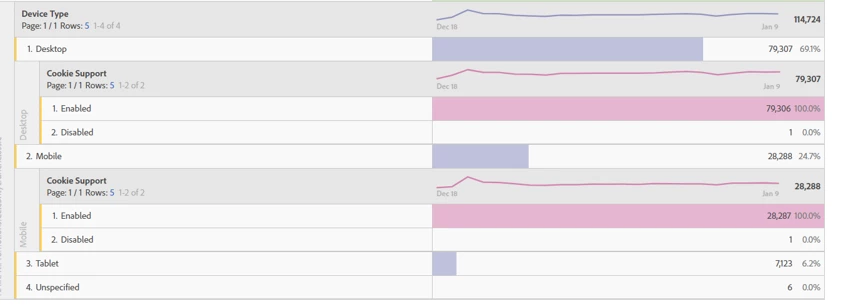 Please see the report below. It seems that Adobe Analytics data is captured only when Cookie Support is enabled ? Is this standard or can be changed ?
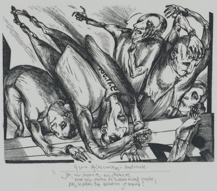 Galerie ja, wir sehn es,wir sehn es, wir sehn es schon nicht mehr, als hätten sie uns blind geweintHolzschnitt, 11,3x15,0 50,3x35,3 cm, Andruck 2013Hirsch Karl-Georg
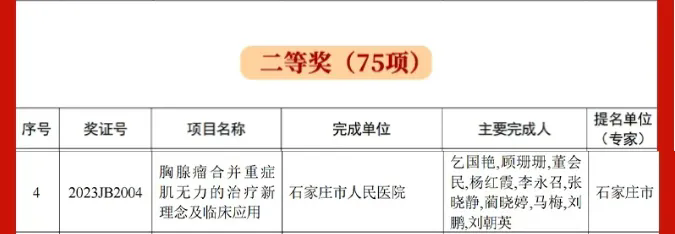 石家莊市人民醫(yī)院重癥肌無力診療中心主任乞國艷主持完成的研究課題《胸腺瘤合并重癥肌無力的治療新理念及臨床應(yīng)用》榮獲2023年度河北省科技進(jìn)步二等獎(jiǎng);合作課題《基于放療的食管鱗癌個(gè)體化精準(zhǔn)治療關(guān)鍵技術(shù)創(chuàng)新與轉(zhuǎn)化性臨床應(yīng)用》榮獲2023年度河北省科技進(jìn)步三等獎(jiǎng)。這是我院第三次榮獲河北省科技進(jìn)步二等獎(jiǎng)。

* * *

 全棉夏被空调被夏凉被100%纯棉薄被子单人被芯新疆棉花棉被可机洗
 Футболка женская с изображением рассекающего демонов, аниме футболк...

---

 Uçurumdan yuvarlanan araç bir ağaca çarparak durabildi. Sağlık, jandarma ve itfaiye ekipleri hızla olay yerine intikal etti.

### Work item
Restate word for word the lines of the data above, starting at the line containing "全棉夏被空调被夏凉被100%纯棉薄被子单人被芯新疆棉花棉被可机洗" and ending at the line containing "Футболка женская с", both included, and nothing more.

### Answer below
 全棉夏被空调被夏凉被100%纯棉薄被子单人被芯新疆棉花棉被可机洗
 Футболка женская с изображением рассекающего демонов, аниме футболк...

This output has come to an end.